I want internet SMTP traffic to be routed out the DMZ port without address translation to my home lab. There's no blocking of SMTP by my ISP; I'm currently using destination NAT on the FGT60D to a postfix VM in my home lab, which works fine, except that the source of all mails are shown as 192.168.0.1. And that's what I want to try to solve with policy routing. My understanding is that the onbound SMTP will hit the Palo Alto with the original source address. 

 

No matter what I've tried, I can't get it working, and can only see connection attempts as "deny" in the Local Traffic logs:

 

Deny log: deny — ImgBB (ibb.co)

Policy Route: policy-route — ImgBB (ibb.co)

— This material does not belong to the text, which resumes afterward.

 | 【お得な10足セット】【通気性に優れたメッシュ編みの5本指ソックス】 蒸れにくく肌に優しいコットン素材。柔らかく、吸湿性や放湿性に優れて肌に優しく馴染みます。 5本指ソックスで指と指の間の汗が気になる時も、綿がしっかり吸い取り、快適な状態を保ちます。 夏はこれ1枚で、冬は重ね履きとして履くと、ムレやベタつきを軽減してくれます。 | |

IPV4 Policy: ipv4-policy — ImgBB (ibb.co)

 

Hopefully I'm even in the right ballpark using policy routing in the first place to try and preserve source IP. Any help would be really appreciated. 

    1 reply

    SJFriedl
    New Member
    May 8, 2021

    ntmc01 wrote:

    Hoping somebody can help me get Policy Routes working on an old FGT60D v5.2.0.

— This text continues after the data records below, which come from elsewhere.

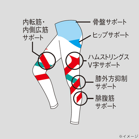 ●歩行に関係する筋肉をコンプレッションしながら下肢全体をサポート+骨盤を安定させるため骨盤を囲むようにコンプレッションを加えサポート。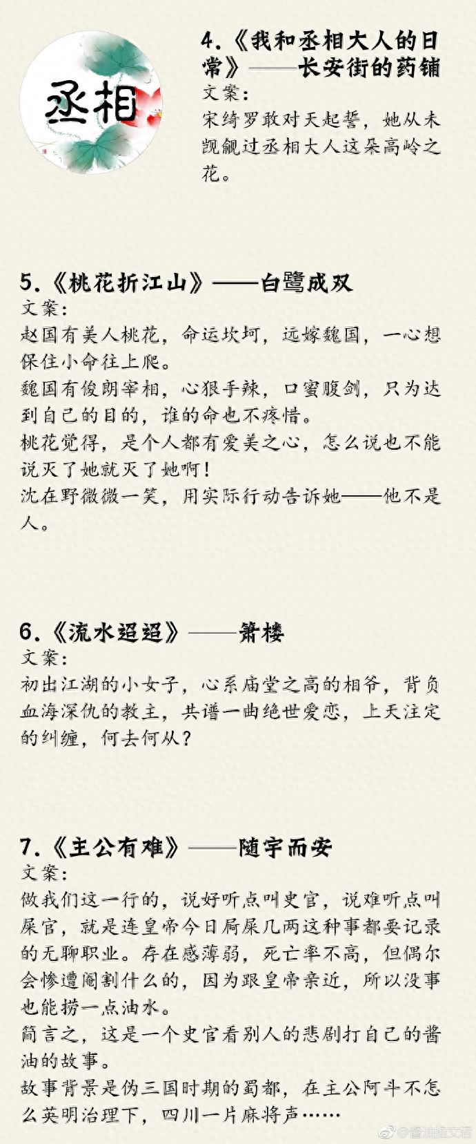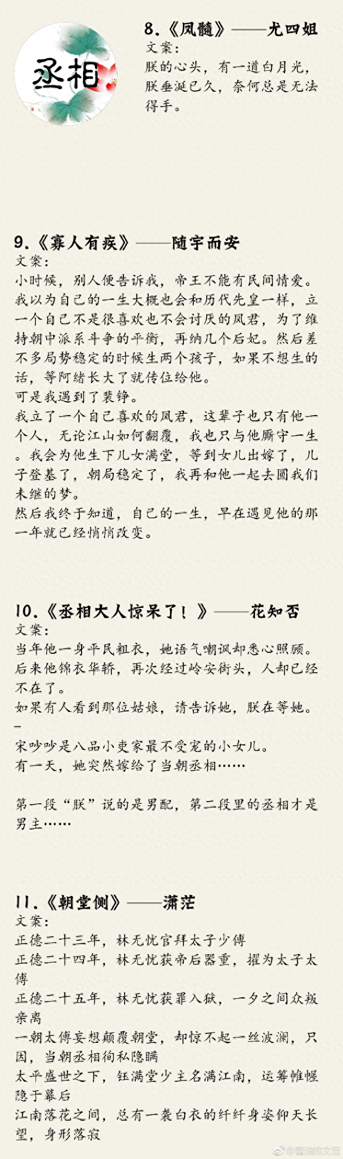 我一直喜欢男主是宰相的设定,因为这样的男主一般都是年纪轻轻,而且必定很是清雅。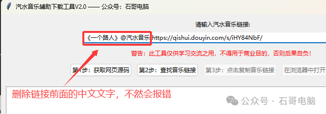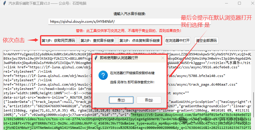 第2步. 打开 汽水音乐辅助下载工具,在 输入汽水音乐链接 文本框使用 Ctrl+V 粘贴刚才复制的地址,记得把链接前面的中文文字删除掉,再依次点 1.获取网页源码-2.查找音乐链接-3.点击复制音乐链接(这时候会提示使用默认浏览器打开链接,我们选择 是 )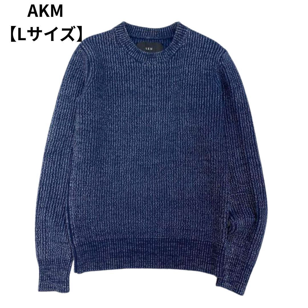 【Lサイズ】AKM エイケイエム インディゴ コットンウール クルーネック ニット セーター /クルー セーター 1PIU1UGUALE3 junhashimoto wjk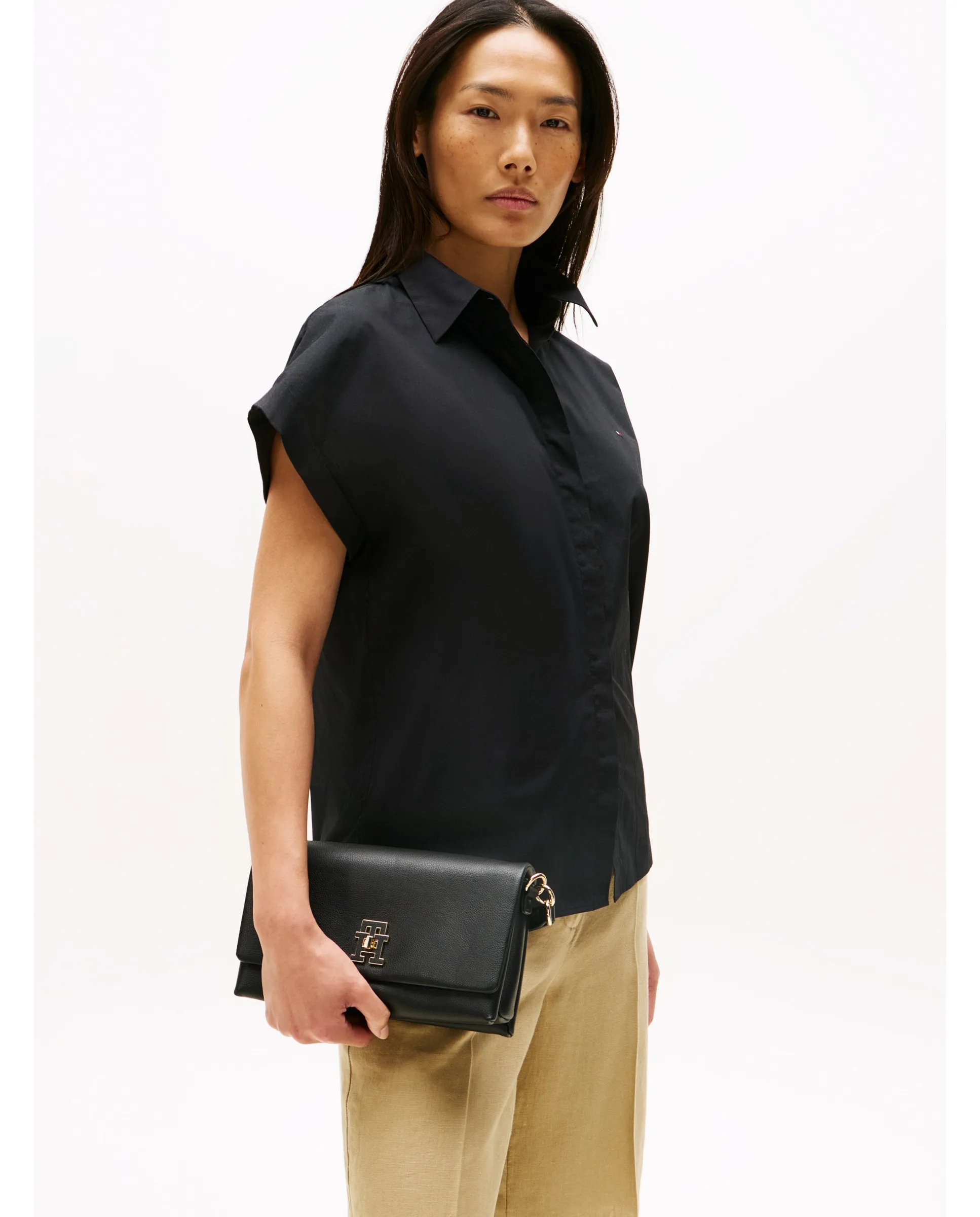 Женская сумка через плечо, изготовленная из переработанного полиэстера черного цвета. Дизайн с регулируемым ремнем, ручкой и застежкой с клапаном с логотипом Tommy Hilfiger.

    From the deny log it looks like 176.* is the outside address of your Fortigate, and you're trying to pass that *destination* address through the Fortigate unchanged - which should be straightforward - through the DMZ over to a different firewall, the Palo Alto.

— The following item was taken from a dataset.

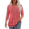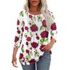 Women's Fashionable Casual Pleated Round Neck Casual Floral Print Seven Quarter Sleeved T-shirt Top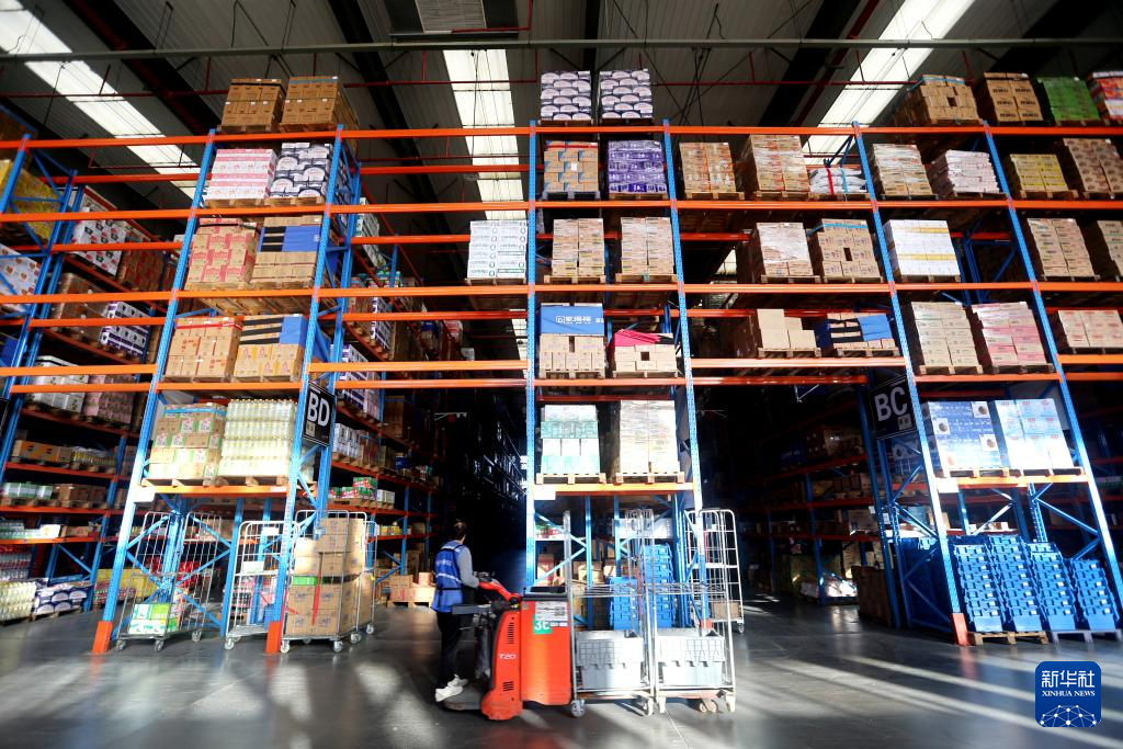 11月10日,在江苏省连云港市连云区一家电商物流仓库,工作人员在转运货物。新华社发(王春摄)

    The thing I'm confused about: if you enable NAT, it should be converting the *destination* IP, of 176.* to 192.168.*, not the *source*, so something just doesn't feel right here. Do you also have NAT turned on in the Palo Alto?

     

    If you look at your IPv4 policy page in Sequence mode, what's policy #0?

    ntmc01
    ntmc01Author
    New Member
    May 8, 2021

    SJFriedl wrote:
    you're trying to pass that *destination* address through the Fortigate unchanged

    Not quite, I want there to be no source address translation at all, so that the source is the last public address before

    hitting my SMTP server. 

     

    On the Palo Alto I have 'no source translation' configured in the NAT policy, so it's essentially transparent in terms of source, with postfix logs showing the source as being the FortiGate's gateway:

     

    May 8 15:32:12 mid-smtp-01 postfix/smtpd[1863]: connect from unknown[192.168.0.1] May 8 15:32:13 mid-smtp-01 postfix/smtpd[1863]: 26E7C60DD404: client=unknown[192.168.0.1]

     

    I feel like if I can forward SMTP to port 25 on the PA on 192.168.0.254 without source translation, in the same way I'm doing from the PA to the SMTP server, it would achieve what I want. Policy route sounded like the way to go, but every combination I've tried doesn't work.

     

    Feel like I'm doing something silly in the policy rule or completely misunderstanding how this would work.

     

    SJFriedl wrote:

    If you look at your IPv4 policy page in Sequence mode, what's policy #0?

     

    Not sure there's a sequence tab in v5.2.0, but I don't see a policy #0. I presume this is implicit deny? I have a standard deny any/any all/all rule at the bottom for logging purposes. 

    SJFriedl
    New Member
    May 8, 2021

    I suppose if it were me, I'd get into the CLI and run something like:

     

    diagnose sniffer packet any "tcp port 25" 4

     

    and see what's doing this translation in the Fortigate; maybe it will tell you something?

     

    Do you have a Virtual IP defined anywhere that shares the public IP?